'Instant cities' to manage booming Asian population

The global population is booming, much of it in urban areas. Nowhere is this more apparent in Asia. How will we cope? Greg Lindsay suggests the instant city.

As the population of Asian countries continues to boom, there's a simple question many officials are asking themselves: where do we put all these people?

Aerotropolis author Greg Lindsay -- if the name sounds familiar, it's because we interviewed him in April -- writes in Slate that "instant cities," metropolises built from scratch, may be "the defining challenge of our era."

He writes:

The earth’s urban population will nearly double by 2050, requiring the construction of hundreds of new cities. China is already building the equivalent of a Rome every few weeks to absorb the 400 million migrants streaming in from the countryside. The question facing us as an urban species isn’t whether to build cities tabula rasa, but how. And nowhere is this dilemma more pressing than in Asia.

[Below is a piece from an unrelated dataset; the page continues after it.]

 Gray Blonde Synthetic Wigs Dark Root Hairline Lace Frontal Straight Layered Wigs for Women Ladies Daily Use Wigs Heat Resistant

The utopian city is a common theme across generations, from the Brazilian capital of Brasilia to the U.S. capital of Washington, but at no point in history has humanity had so many opportunities to experiment.

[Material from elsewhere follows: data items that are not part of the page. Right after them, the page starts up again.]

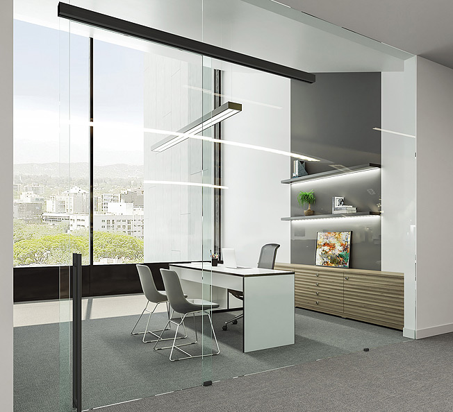 KBS+: Klein Brake System - Tope con freno amortiguador. Est dise ado para ser instalado en pared de vidrio para crear ambientes a trav s de un panel de vidrio sin marco generando m s iluminaci n. Sistema de una puerta corredera de vidrio sin marco Instalaci n sobre pared de vidrio de 10, 12 y 16mm. Perfil de aluminio anodizado Silver y Negro F cil instalaci n: la puerta corredera de vidrio no necesita ser mecanizada (templado o laminado) Vidrio corredero de 10mm y 12mm Peso hasta 100 Kg Regulaci n de la altura de +-3mm Dise o limpio e innovador El sistema de rodamientos permite un suave movimiento sin esfuerzos No necesita riel en el suelo con lo que dejamos limpia la zona de paso Garant a KLEIN 5 a os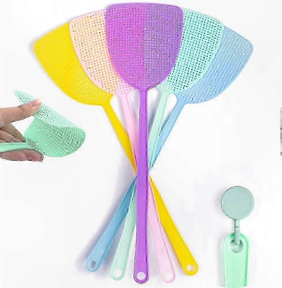 1. Premium Quality: Fly swatters made of high-quality plastic, flexible, durable, and lightweight, effectively helping to protect your home. This plastic fly swatter is easy to clean and won't scratch surfaces. 2. Convenient: Fly swatters with durable long handles are easy to use, even at a distance. The length of this fly swatter is 17.5 inches, and each swatter weighs less than one ounce. 3. Flexible: Lightweight (only 1 oz) and easy to use. The swatters are made of PP plastic, soft and flexible. The hook hanging design allows for convenient storage and portability. 4. Visible Design: Brightly colored for easy visibility, making it simple to locate when needed.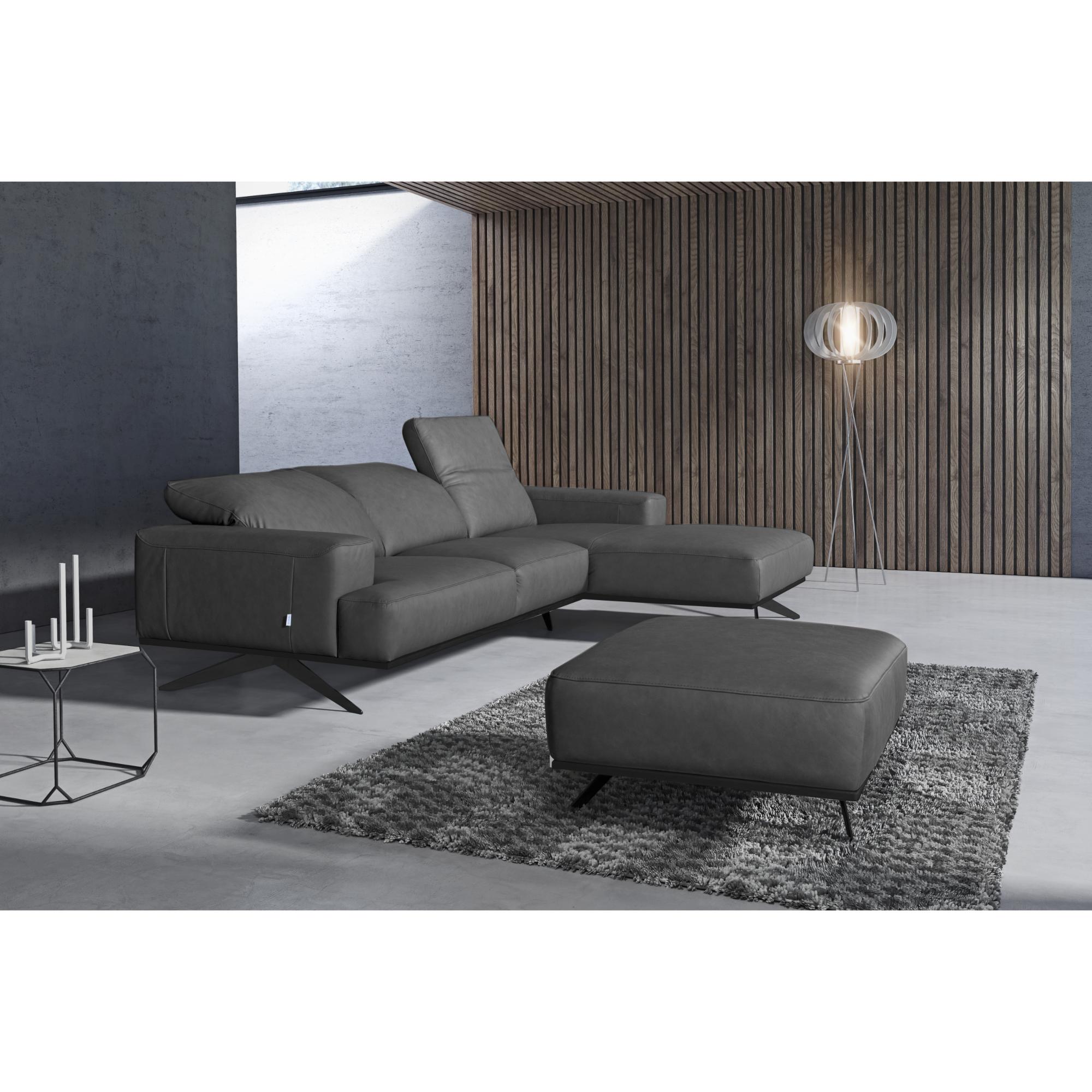 Ponúka zázemie na odpočinok a dopraje vám luxus odpočívať podľa ľubovôle. Veľmi kvalitné jadro zo studenej peny zaisťuje dokonalé pohodlie pri sedení. Súprava je potiahnutá na dotyk príjemnou pravou kožou. Polohovacie opierky hlavy dotiahnu váš pôžitok z odpočinku k dokonalosti. Celočalúnené vyhotovenie vám dáva možnosť umiestniť gauč aj voľne do priestoru. Vďaka matným čiernym nôžkam pôsobí sedačka vzdušným dojmom, a navyše sa pod ňou ľahko bude udržiavať poriadok.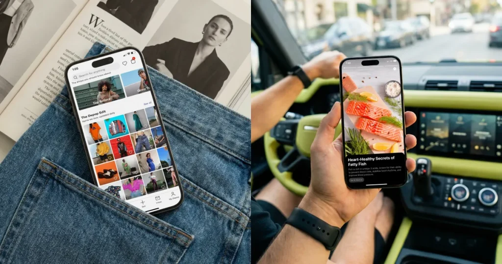 iPhone mockups do well on Pinterest. Suppose you’re promoting wallpapers or a design pack. Using them inside a warm, soft mockup makes the pin stand out and invites more downloads.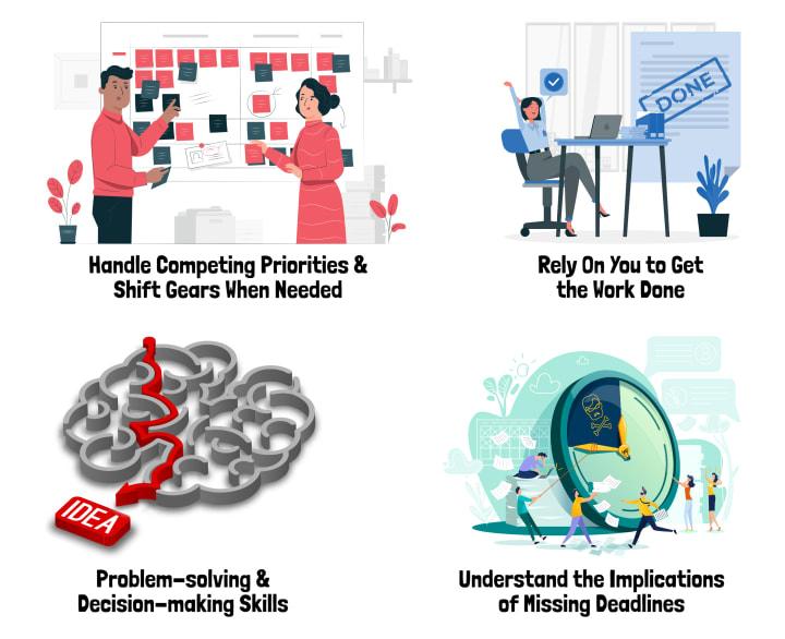 Employers want to know if you can handle competing priorities, shift gears when needed, and understand the implications of missing deadlines. They are looking to see if your coworkers can rely on you to get the work done.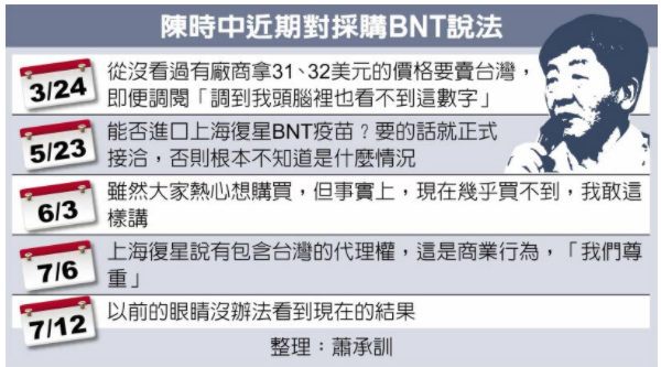 這次民間捐贈以“這種價格”采購BNT成功后,陳時中曾經(jīng)說的話被翻出來,然而他又拋出“時空背景不同”蒙混過關(guān),“以前的眼睛沒辦法看到現(xiàn)在的結(jié)果”,未來也可能有很多不同售價, “在前面的時間上,我們沒辦法了解后面價格的變化”。他強(qiáng)調(diào)疫苗市場千變?nèi)f化,根據(jù)采購時機(jī)、數(shù)量的不同,因此國際間在買疫苗或藥物,都屬于保密事項。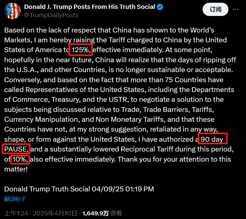 前一日,特朗普刚扔下向中国征收 104% 关税的炸弹,加剧了全球股市的下跌,今日,又发文宣布另一重磅消息:由于中国的不公平贸易行为,美国将对中国进口产品征收 125% 的关税,并立即生效;另一方面,对于其他超过 75 个不采取报复措施的国家,他设定了为期 90 天的关税暂停期,当前只征收 10% 的对等关税,旨在鼓励贸易谈判。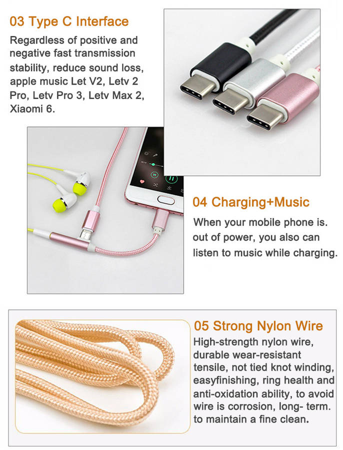 Features: 1. Portable size for you carrying it outsides; 2. Type-c to 3.5mm adapter, you can listen to music while charging your smart phone, much convenience; 3. Compatible with Xiaomi 6/ Letv 2/ Letv 2 Pro/ Letv Pro 3/ Letv Max 2 and some other type-c smart device;

The reasons all-new cities are attractive to Asia:

  • Dense, efficient cities help combat climate change.
  • Pollution is already a major issue in China and neighboring nations.
  • The rate of population growth is so high, and it takes so long to work in an existing city, that building anew may be the only way to meet demand.

Lindsay offers several examples of projects already underway, including China's Mentougou Eco Valley; a retrofit of Langfang, also in China; Sino-Singapore Tianjin Eco-City; and Songdo, in Korea . (The New York Times published a report yesterday on Panasonic's similar work to build a new "smart city" in Japan.)

The challenge, of course, is to build a city that people will want to move to. Human history is littered with pristine projects in pursuit of the ideal but shattered by reality. We all know that our current cities aren't serving us as well as they could. Are we just too busy to think big?